Мой первый инстинкт — издать леденящий душу вопль и вытащить меч.

Но я вижу что-то, лежащее перед Пейдж.

Шок от того, что ее так жестоко связали, словно какое-то животное, не давал мне увидеть все сцену целиком. Но теперь я вижу нечто темное и неподвижное, как скала. Оно напоминает мне кое-что такое, во что я не хочу верить.

Это тело.

Это парень с битой, который напал на меня со своими дружками.

Я отвожу взгляд. Я не хочу осмысливать то, что только что видели мои глаза. Я не хочу видеть отсутствующие у него куски мяса.

Я не хочу думать о том, что это значит.

Я не могу…

Пейдж высовывает язык и слизывает кровь со своих губ.

Она закрывает глаза и глотает. На мгновение ее лицо расслабляется.

Спокойствие.

Она открывает глаза и смотрит на тело у своих ног. Словно ничего не может с собой поделать.

Часть меня все еще ждет, что ее передернет от отвращения при виде трупа. Отвращение есть. Но есть еще и вспышка тоски. Голод.

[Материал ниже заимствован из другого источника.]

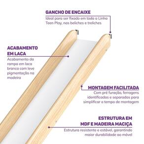 Escorregador para Beliche Teen Play para deixar o quarto do seu filho(a) muito mais legal e divertido e as noites de sono. Produto produzido em madeira maciça e mdf e pintura em laca branco lavado. Pura diversão para o quarto infantil do seu filho. Acabamento: Verniz Ambiente Principal: Quarto Infantil codigo_ean: 7900288185235 Complexidade da Montagem: Média: pode ser montado por mais de uma pessoa e/ou necessite de maior conhecimento para montagem Cor: Natural/Branco Cor do Produto: Natural/Branco Escala de Brilho: Semi-Brilho Itens Inclusos: 1 Escorregador, 1 kit ferragens e manual de montagem Manual de Montagem e Instalação: https://product-hub-prd.madeiramadeira.com.br/794109480/documents/88359d56-fa9e-4ebc-a0c9-77dbc06cdaaf301410340591750768179815.pdf Marca: Casatema Material Principal: Madeira Maciça Necessita Montagem: Sim Origem do Produto: Nacional Peso: 13 kg Recomendações de Uso, Manutenção e Limpeza: Na limpeza não utilizar produtos químicos e abrasivos, usar apenas com pano umedecido, para garantir a maior durabilidade do móvel. Sistema de Montagem: Parafuso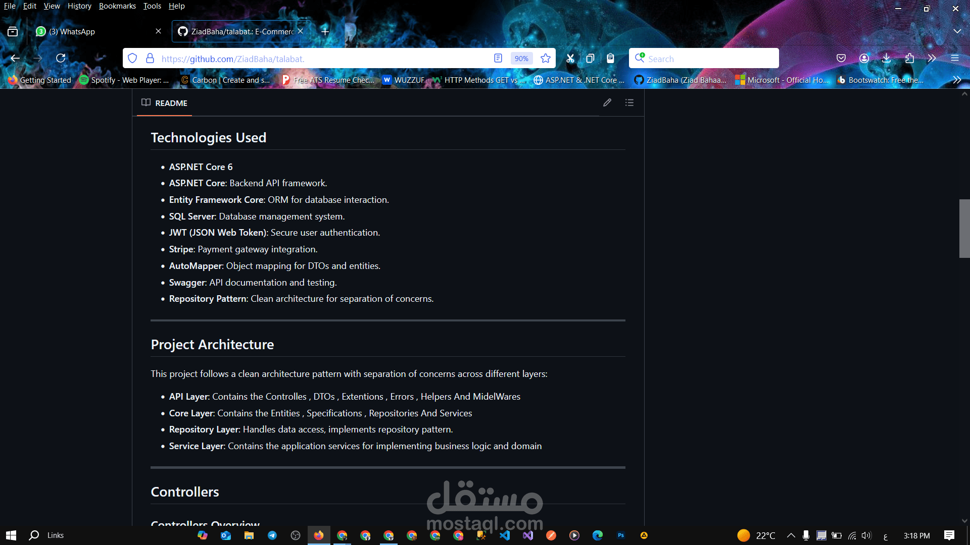 API Layer: يحتوي على الـ Controllers، الـ DTOs، الـ Extensions، الأخطاء (Errors)، المساعدات (Helpers)، والوسيطات (Middlewares).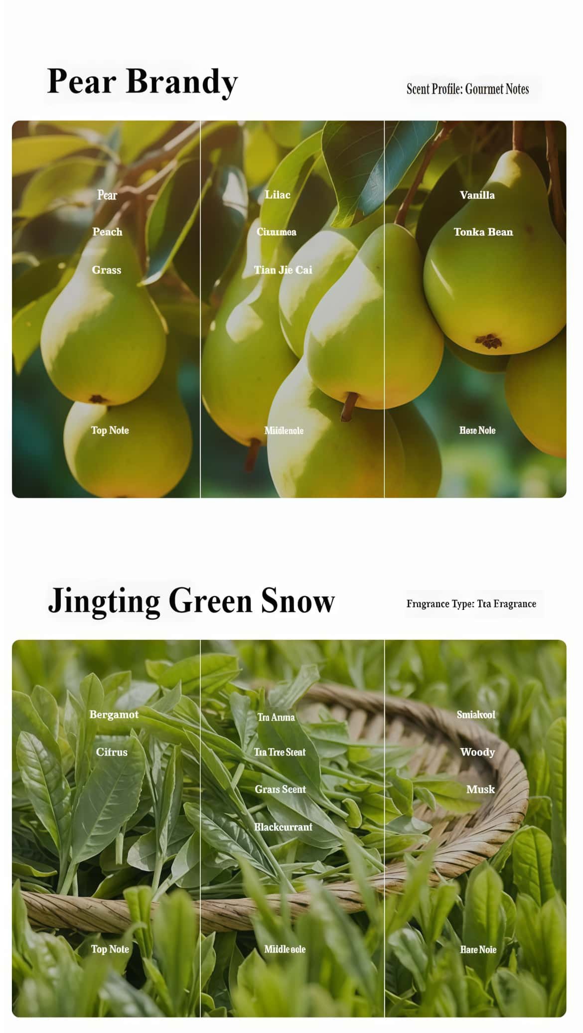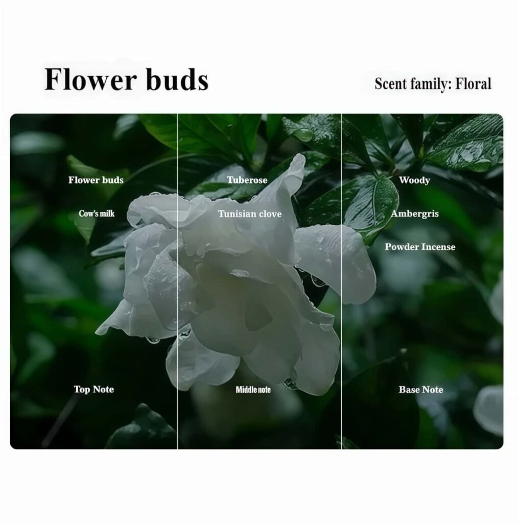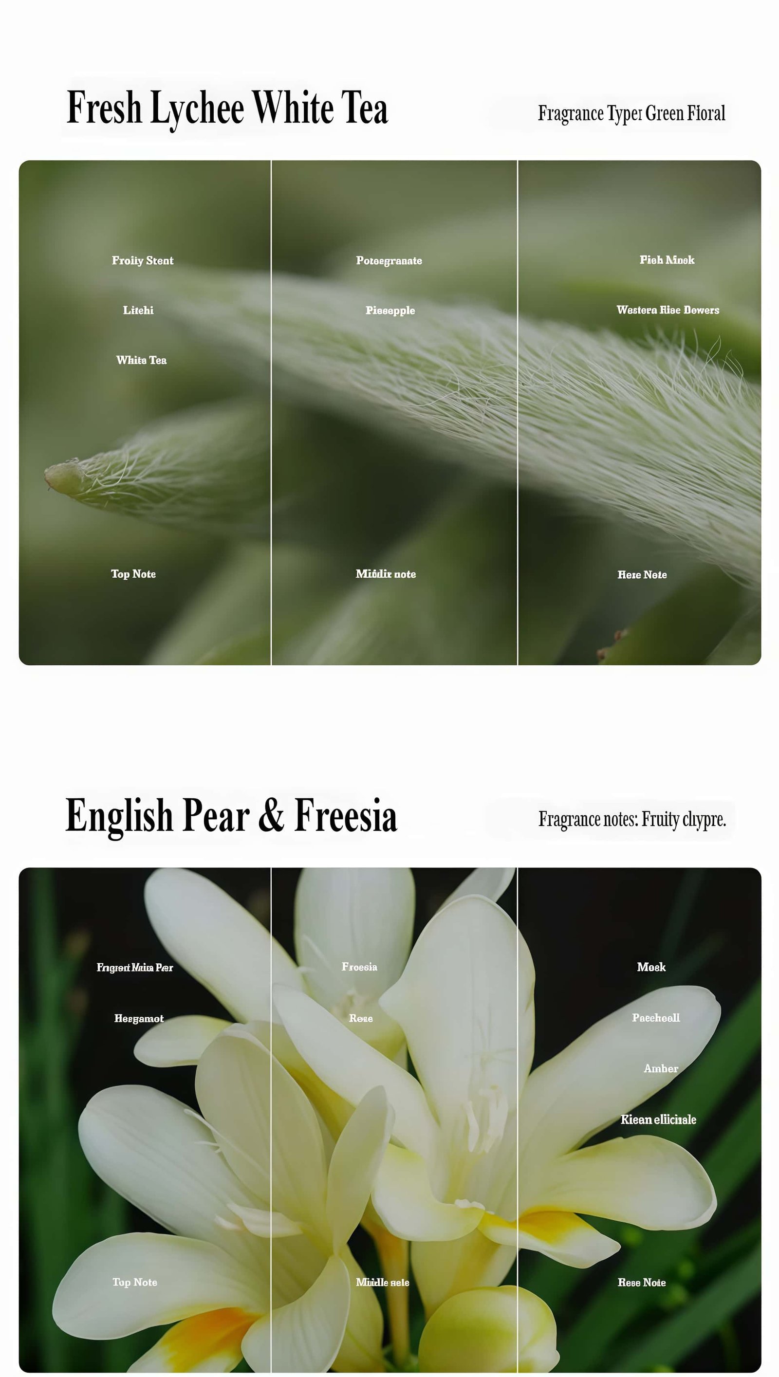 “Elegant Flora.” It awakens a natural spirit.Green tea, peach, and osmanthus. Peaceful yet vibrant.

Она бросает взгляд на меня. Стыд.

Она перестает сопротивляться и смотрит прямо на меня. Она видит, что я колеблюсь. Она видит, что я больше не рвусь ее спасать. Она видит решение в моих глазах.

— Рин-Рин, — плачет она.

Ее голос наполнен потерей. Слезы текут вниз по ее окровавленным щекам, оставляя за собой четкие следы. Она больше не выглядит, как жестокий монстр. Она вновь стала маленькой испуганной девочкой.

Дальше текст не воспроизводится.